- [RECORDS FOR THIS EXERCISE]:
Start of Block

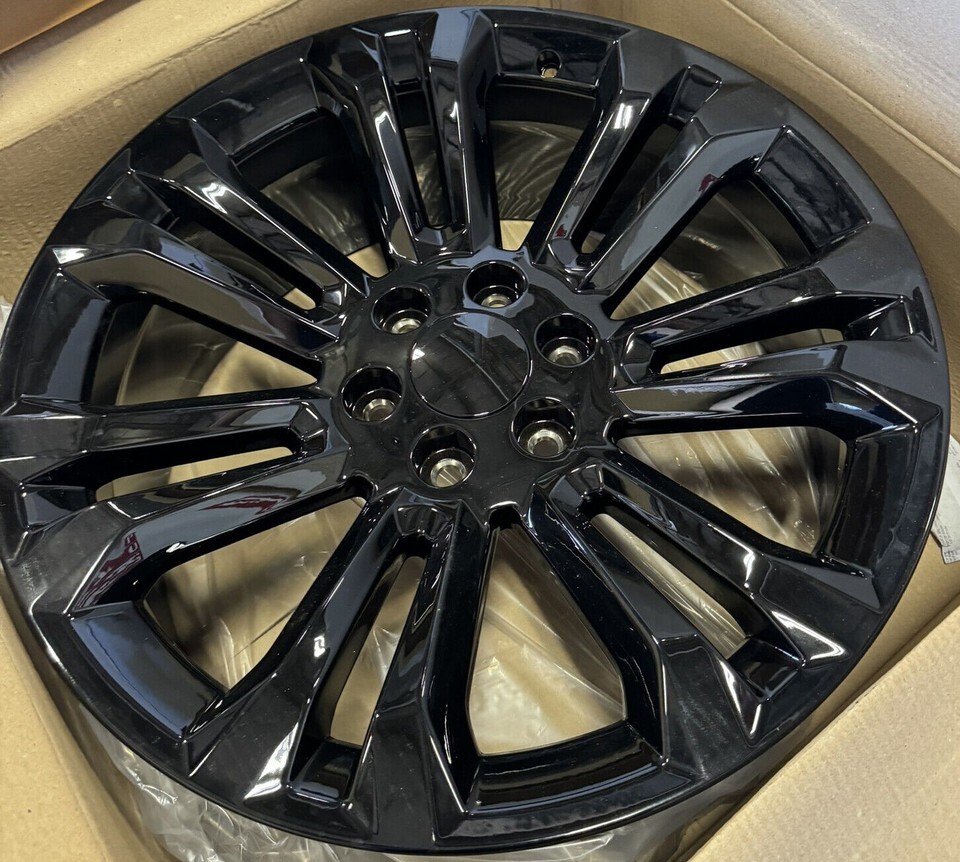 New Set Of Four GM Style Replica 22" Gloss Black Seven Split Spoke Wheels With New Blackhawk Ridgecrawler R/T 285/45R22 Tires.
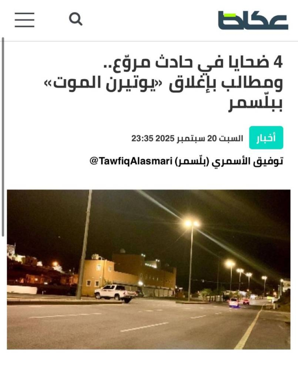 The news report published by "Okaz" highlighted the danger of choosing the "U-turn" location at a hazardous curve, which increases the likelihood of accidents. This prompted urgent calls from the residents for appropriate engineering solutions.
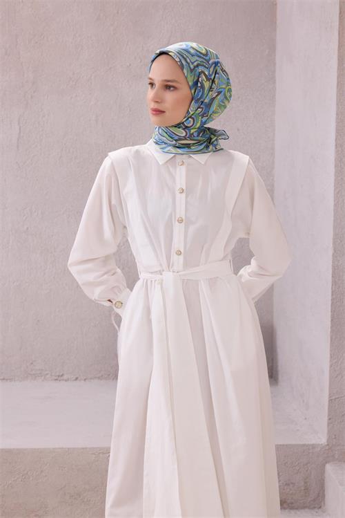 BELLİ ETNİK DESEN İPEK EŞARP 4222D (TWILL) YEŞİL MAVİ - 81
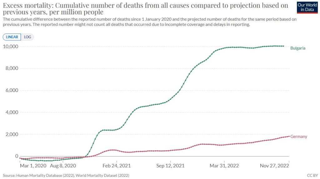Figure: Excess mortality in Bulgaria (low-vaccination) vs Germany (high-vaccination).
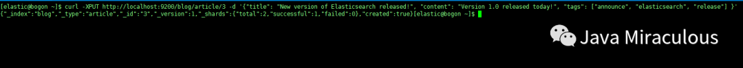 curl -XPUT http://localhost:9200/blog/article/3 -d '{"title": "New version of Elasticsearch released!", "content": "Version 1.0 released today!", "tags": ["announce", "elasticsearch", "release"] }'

End of Block
Start of Block

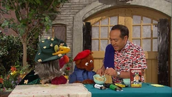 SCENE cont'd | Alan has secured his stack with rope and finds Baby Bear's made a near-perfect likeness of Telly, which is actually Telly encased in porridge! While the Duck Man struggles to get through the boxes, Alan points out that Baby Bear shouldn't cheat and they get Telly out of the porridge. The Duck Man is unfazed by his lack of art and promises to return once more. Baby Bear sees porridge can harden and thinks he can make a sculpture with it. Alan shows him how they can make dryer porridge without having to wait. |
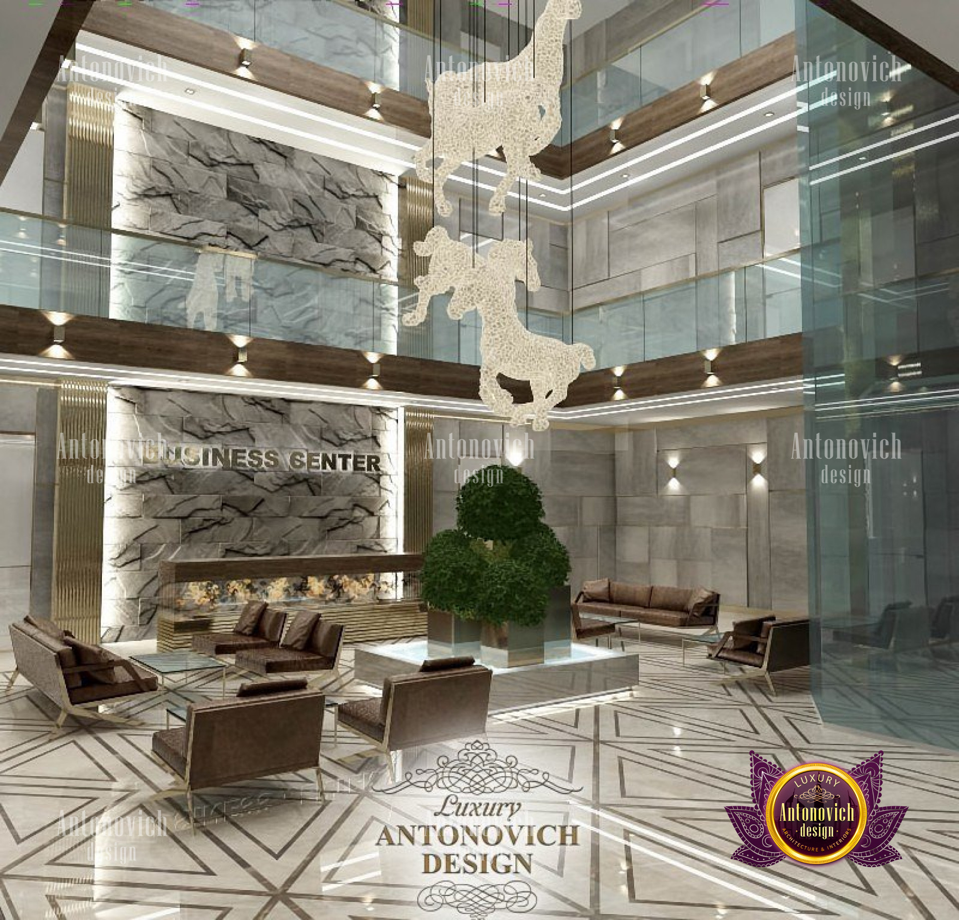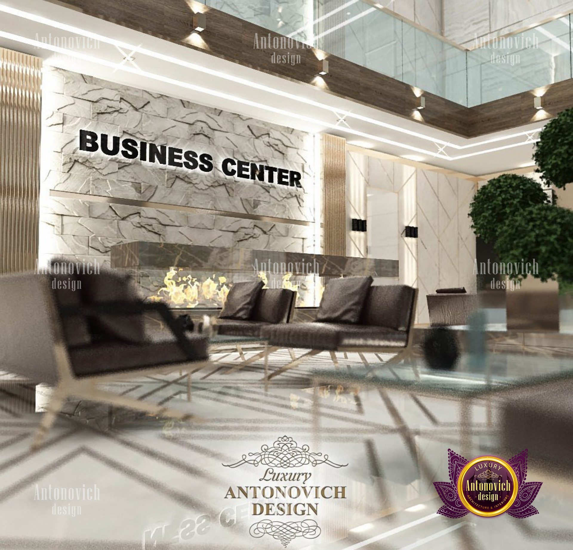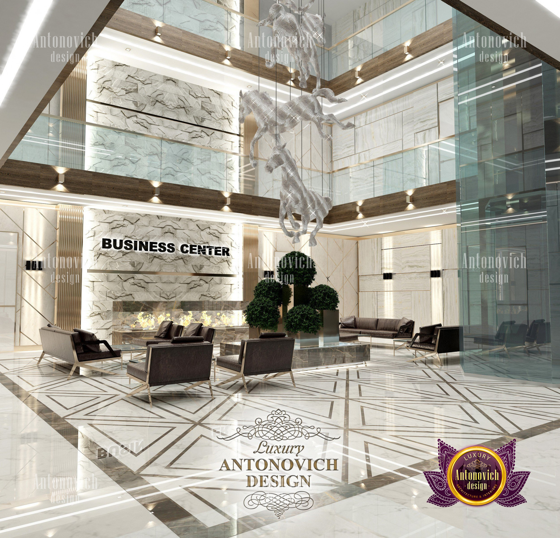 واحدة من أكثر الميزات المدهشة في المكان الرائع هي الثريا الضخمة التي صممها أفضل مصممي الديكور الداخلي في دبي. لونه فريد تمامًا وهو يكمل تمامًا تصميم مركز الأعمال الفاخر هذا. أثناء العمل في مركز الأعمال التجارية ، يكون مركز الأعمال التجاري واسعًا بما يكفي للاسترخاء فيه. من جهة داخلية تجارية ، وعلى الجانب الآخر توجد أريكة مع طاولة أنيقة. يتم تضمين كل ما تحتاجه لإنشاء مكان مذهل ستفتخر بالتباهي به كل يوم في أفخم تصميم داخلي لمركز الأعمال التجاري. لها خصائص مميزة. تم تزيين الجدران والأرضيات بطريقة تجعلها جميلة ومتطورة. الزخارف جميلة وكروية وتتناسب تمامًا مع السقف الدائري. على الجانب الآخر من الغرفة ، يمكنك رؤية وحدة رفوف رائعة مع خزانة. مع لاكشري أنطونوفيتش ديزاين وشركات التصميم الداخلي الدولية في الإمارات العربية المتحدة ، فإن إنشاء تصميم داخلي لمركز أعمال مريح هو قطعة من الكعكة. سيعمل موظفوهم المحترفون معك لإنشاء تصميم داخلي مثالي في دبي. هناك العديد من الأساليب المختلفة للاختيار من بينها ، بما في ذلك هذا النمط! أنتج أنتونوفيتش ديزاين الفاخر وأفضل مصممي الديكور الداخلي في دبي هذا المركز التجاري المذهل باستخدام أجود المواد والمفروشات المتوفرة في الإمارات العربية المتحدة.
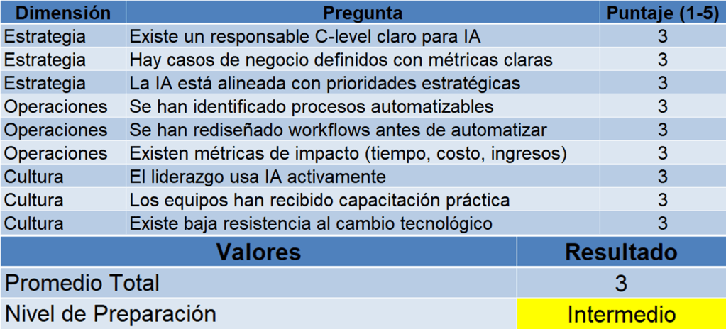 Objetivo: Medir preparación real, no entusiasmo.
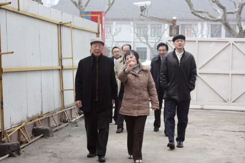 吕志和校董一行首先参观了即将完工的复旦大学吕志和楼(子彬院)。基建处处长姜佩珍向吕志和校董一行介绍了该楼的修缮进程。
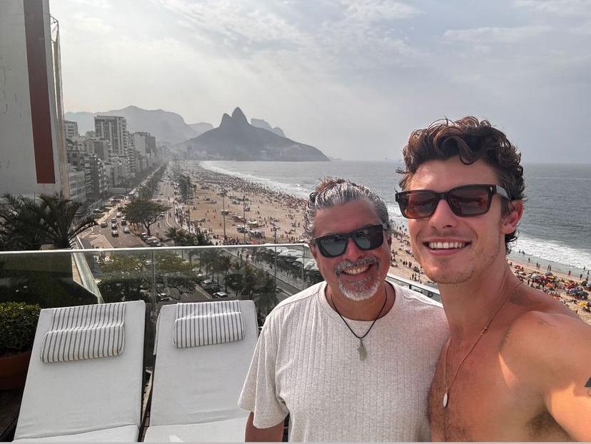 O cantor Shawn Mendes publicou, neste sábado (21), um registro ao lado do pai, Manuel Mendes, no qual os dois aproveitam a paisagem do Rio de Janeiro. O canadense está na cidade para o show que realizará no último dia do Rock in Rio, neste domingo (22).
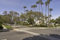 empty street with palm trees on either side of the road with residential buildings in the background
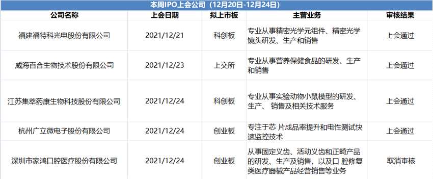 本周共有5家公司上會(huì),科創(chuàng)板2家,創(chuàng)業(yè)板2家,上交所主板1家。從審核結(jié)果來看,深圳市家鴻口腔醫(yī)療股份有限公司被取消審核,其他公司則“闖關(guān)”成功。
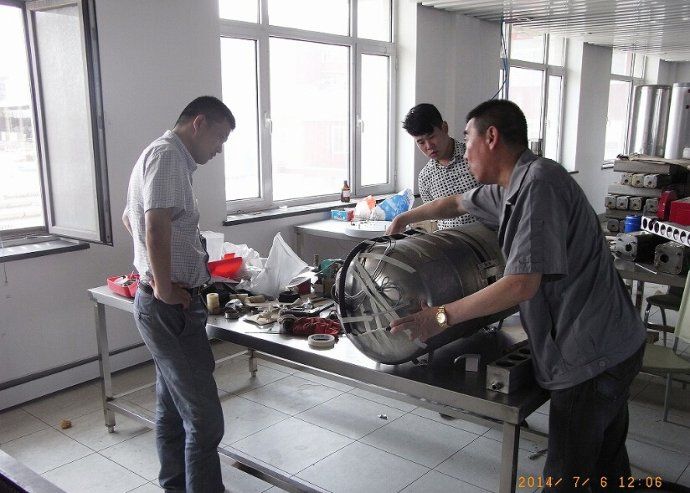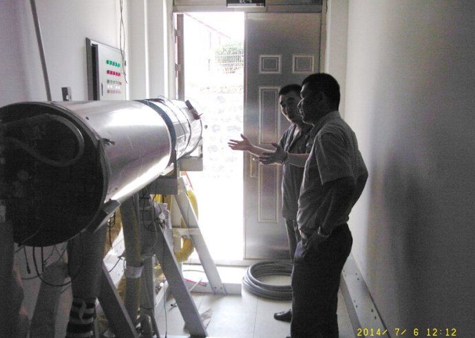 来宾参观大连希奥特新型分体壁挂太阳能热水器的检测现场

End of Block
Start of Block

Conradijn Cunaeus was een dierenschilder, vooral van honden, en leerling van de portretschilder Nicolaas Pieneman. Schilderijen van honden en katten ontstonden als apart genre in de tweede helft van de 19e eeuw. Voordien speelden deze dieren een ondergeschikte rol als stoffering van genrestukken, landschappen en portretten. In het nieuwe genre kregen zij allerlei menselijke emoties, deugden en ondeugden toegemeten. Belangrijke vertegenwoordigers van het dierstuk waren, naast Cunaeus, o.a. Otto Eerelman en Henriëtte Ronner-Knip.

End of Block

- [EXERCISE DIRECTIONS]: Above are some records; extract exactly the lines from the one containing "New Set Of Four" through the one containing "curl -XPUT http://localhost:9200/blog/article/3" and drop the pictures.

- [YOUR SOLUTION]:
 New Set Of Four GM Style Replica 22" Gloss Black Seven Split Spoke Wheels With New Blackhawk Ridgecrawler R/T 285/45R22 Tires.
 The news report published by "Okaz" highlighted the danger of choosing the "U-turn" location at a hazardous curve, which increases the likelihood of accidents. This prompted urgent calls from the residents for appropriate engineering solutions.
 BELLİ ETNİK DESEN İPEK EŞARP 4222D (TWILL) YEŞİL MAVİ - 81
Figure: Excess mortality in Bulgaria (low-vaccination) vs Germany (high-vaccination).
 curl -XPUT http://localhost:9200/blog/article/3 -d '{"title": "New version of Elasticsearch released!", "content": "Version 1.0 released today!", "tags": ["announce", "elasticsearch", "release"] }'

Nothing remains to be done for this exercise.